AASIST / README.md

Add model card with arena badges

487a8c1 verified 1 day ago

3.62 kB

	---
	license: mit
	tags:
	- audio
	- anti-spoofing
	- audio-deepfake-detection
	- speech
	- asvspoof
	---

	# AASIST

	[![EER% 0.83 on ASVspoof2019_LA](https://img.shields.io/badge/EER%25%20on%20ASVspoof2019__LA-0.83%25-brightgreen)](https://huggingface.co/spaces/SpeechAntiSpoofingBenchmarks/SpeechAntiSpoofingArena?system=aasist)
	[![EER% 12.35 on ASVspoof2021_LA](https://img.shields.io/badge/EER%25%20on%20ASVspoof2021__LA-12.35%25-yellow)](https://huggingface.co/spaces/SpeechAntiSpoofingBenchmarks/SpeechAntiSpoofingArena?system=aasist)
	[![EER% 17.04 on ASVspoof2021_DF](https://img.shields.io/badge/EER%25%20on%20ASVspoof2021__DF-17.04%25-yellow)](https://huggingface.co/spaces/SpeechAntiSpoofingBenchmarks/SpeechAntiSpoofingArena?system=aasist)
	[![EER% 43.01 on InTheWild](https://img.shields.io/badge/EER%25%20on%20InTheWild-43.01%25-red)](https://huggingface.co/spaces/SpeechAntiSpoofingBenchmarks/SpeechAntiSpoofingArena?system=aasist)
	[![EER% 51.05 on CD-ADD](https://img.shields.io/badge/EER%25%20on%20CD--ADD-51.05%25-red)](https://huggingface.co/spaces/SpeechAntiSpoofingBenchmarks/SpeechAntiSpoofingArena?system=aasist)
	[![arena tier](https://img.shields.io/endpoint?url=https://speechantispoofingbenchmarks-speechantispoofingarena.hf.space/badge/aasist/tier.json)](https://huggingface.co/spaces/SpeechAntiSpoofingBenchmarks/SpeechAntiSpoofingArena?system=aasist)
	[![arena rank](https://img.shields.io/endpoint?url=https://speechantispoofingbenchmarks-speechantispoofingarena.hf.space/badge/aasist/rank.json)](https://huggingface.co/spaces/SpeechAntiSpoofingBenchmarks/SpeechAntiSpoofingArena?system=aasist)

	AASIST audio anti-spoofing (voice-deepfake detection) countermeasure from
	*"AASIST: Audio Anti-Spoofing using Integrated Spectro-Temporal Graph Attention
	Networks"* (Jung et al., ICASSP 2022). This is the official `AASIST` variant
	(not AASIST-L), using the upstream [clovaai/aasist](https://github.com/clovaai/aasist)
	ASVspoof2019 LA pretrained checkpoint. The model takes a raw speech waveform and
	returns a score where higher = more bona fide.

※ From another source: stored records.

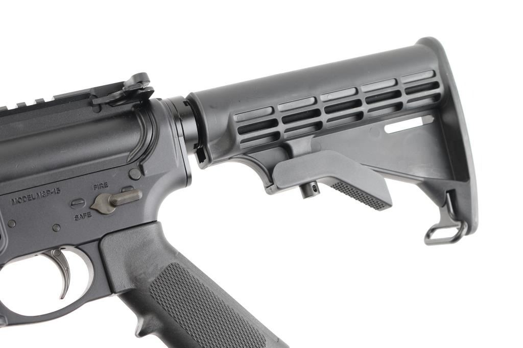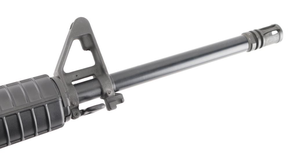 AR platform semi-automatic rifle,16" barrel with 1:9 twist with front sight post and bayonet lug, A2 flash hider, mil-spec handrails, 6 position collapsible stock, sling swivels, flat-top upper receiver with manual safety, brass deflector, forward assist and charging handle. Condition is NRA Excellent. Modern Firearm.
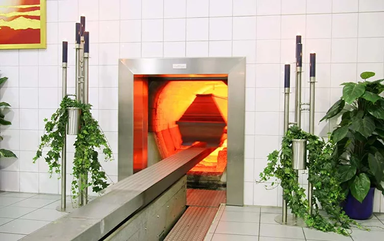 После того, как гроб помещен в печь, включается нагнетатель воздуха, а потом и газ. Температура в печах обычно около 500-800 градусов, поэтому тело горит всего от 40 минут до полутора часа, в зависимости от конституции тела. При этом интересно то, что сгорают не все останки: часть желудка и большие кости не перегорают полностью, поэтому нужно произвести их последующую обработку.
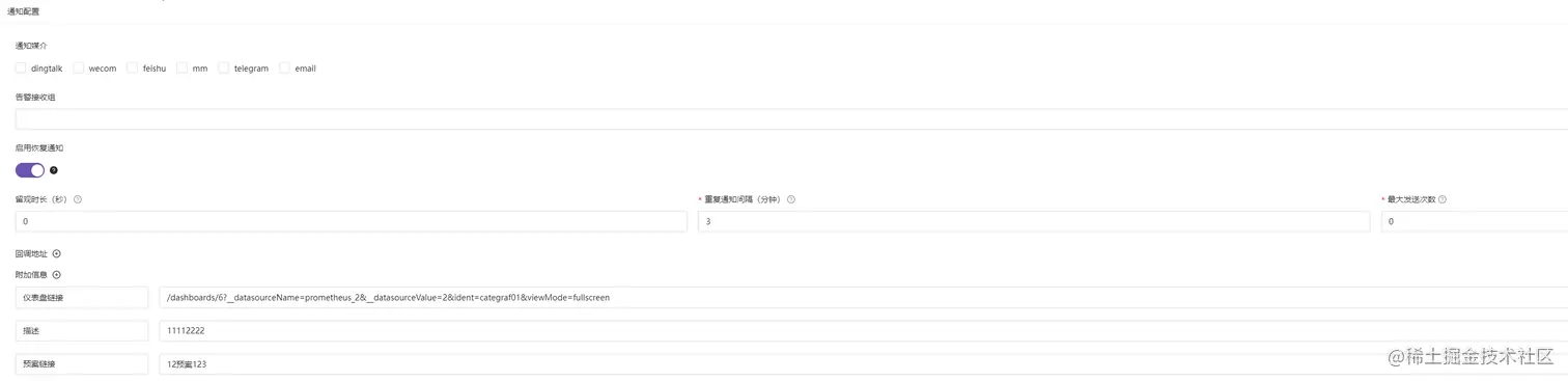 - 重复通知间隔:避免告警风暴,告警触发通知后,后面还在源源不断的触发告警,也必须等到"重复通知间隔"时间后才能再次触发告警通知,如果"重复通知间隔=0"则同一告警事件在一个触发周期内只会发送一次告警。
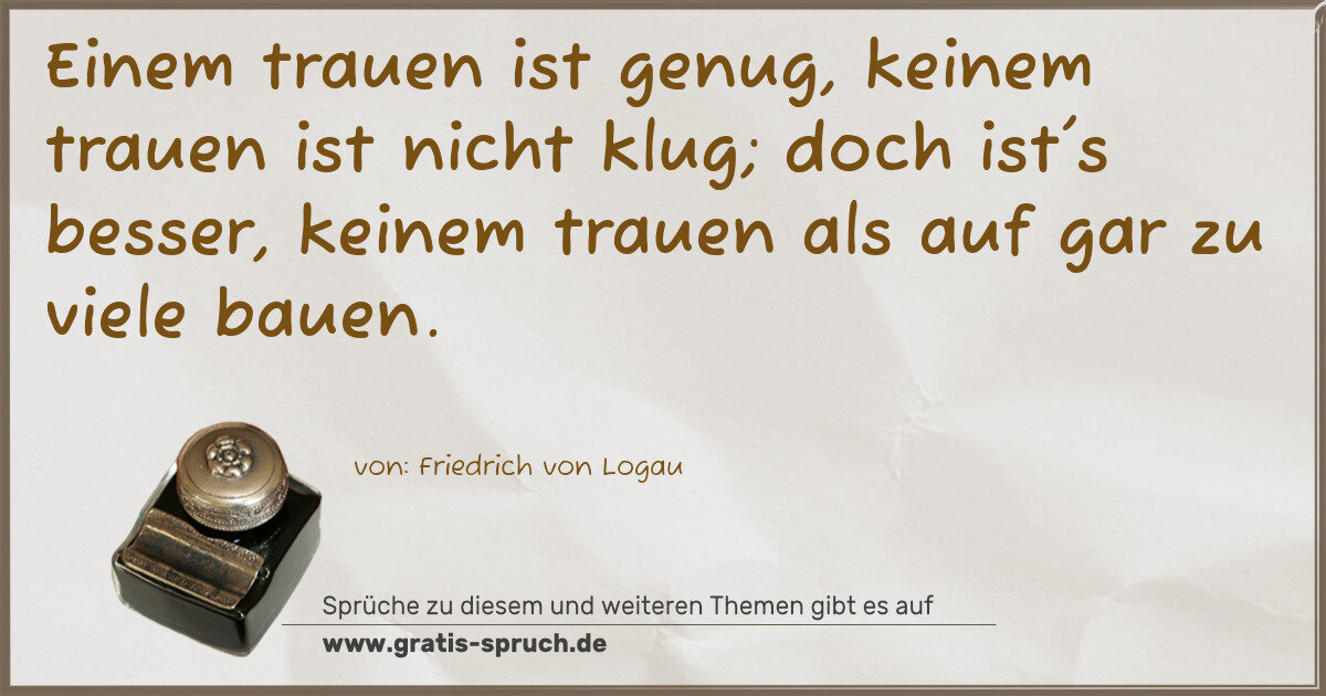 Einem trauen ist genug, keinem trauen ist nicht klug; doch ist's besser, keinem trauen als auf gar zu viele bauen.
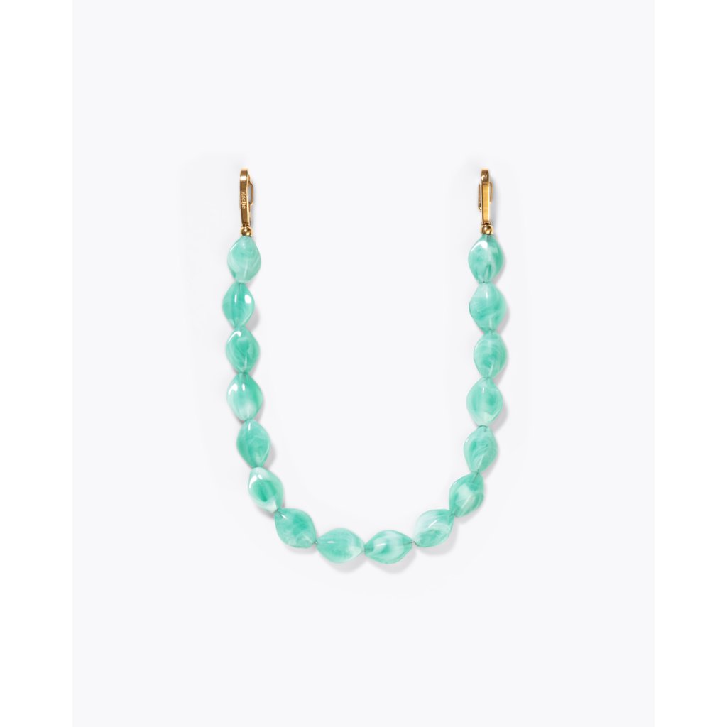 Krátká šňůrka Atelje v jemném zeleném odstínu zaujme originálním provedením z lesklých korálků s decentním mramorovým efektem. Elegantní kovové karabiny ve zlatém tónu umožňují snadné připnutí ke kabelce, telefonu nebo pouzdru a zároveň dodávají doplňku stylový akcent. Ideální jako praktický i módní detail pro každodenní nošení.
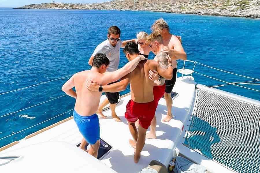 Entdecke Balos und Gramvousa an Bord eines Katamarans – schwimme, sonne dich, genieße köstliches lokales Essen und erfrischende Getränke, hab Spaß mit unserem Entertainer an Bord und entspanne dich mit einem kostenlosen Transfer.
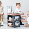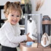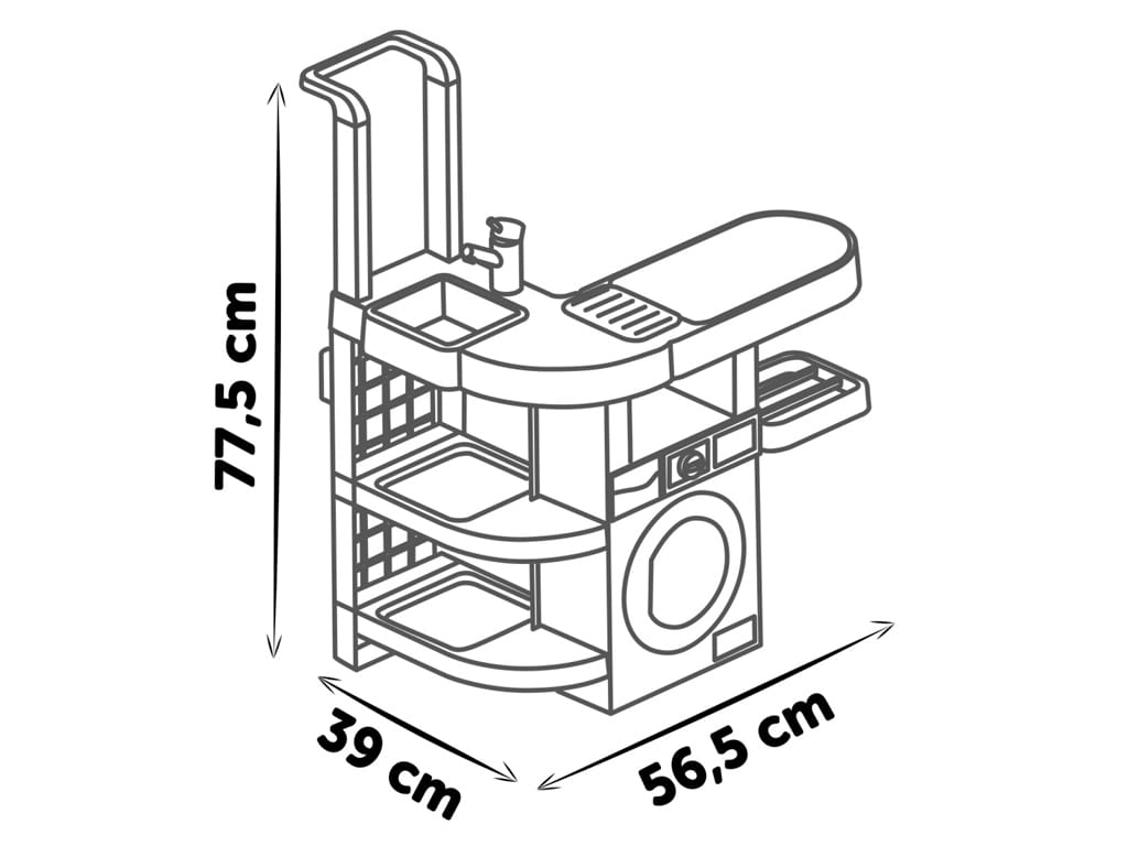 Το σετ διαθέτει τέσσερις περιοχές παιχνιδιού, πλυντήριο ρούχων, νεροχύτη για πλύσιμο στο χέρι, ράγα για στέγνωμα ρούχων και σιδερώστρα. Αυτές οι περιοχές δίνουν στα παιδιά τη δυνατότητα να εξερευνήσουν τις καθημερινές δουλειές του σπιτιού μέσα από ρεαλιστικές και διαδραστικές λειτουργίες, ενώ παράλληλα αναπτύσσουν λεπτές κινητικές δεξιότητες και συντονισμό χεριού-ματιού.

	- Code: https://github.com/clovaai/aasist
	- Paper: https://arxiv.org/abs/2110.01200
	- Parameters: 297,866 (0.298 M)
	- Checkpoint: [`AASIST.pth`](./AASIST.pth)

	This repo is self-contained for inference: the network definition is in
	[`_net.py`](./_net.py) and the exact wrapper used to produce the Arena scores in
	[`aasist.py`](./aasist.py).

	## Architecture

	AASIST operates directly on the raw waveform: a sinc-convolution front-end and a
	RawNet2-style residual encoder produce a spectro-temporal feature map, which is
	modelled by heterogeneous stacking graph attention layers over spectral and
	temporal sub-graphs with a learnable max/average readout, followed by a 2-class
	output (bona fide vs. spoof). The Arena score is the bona-fide logit.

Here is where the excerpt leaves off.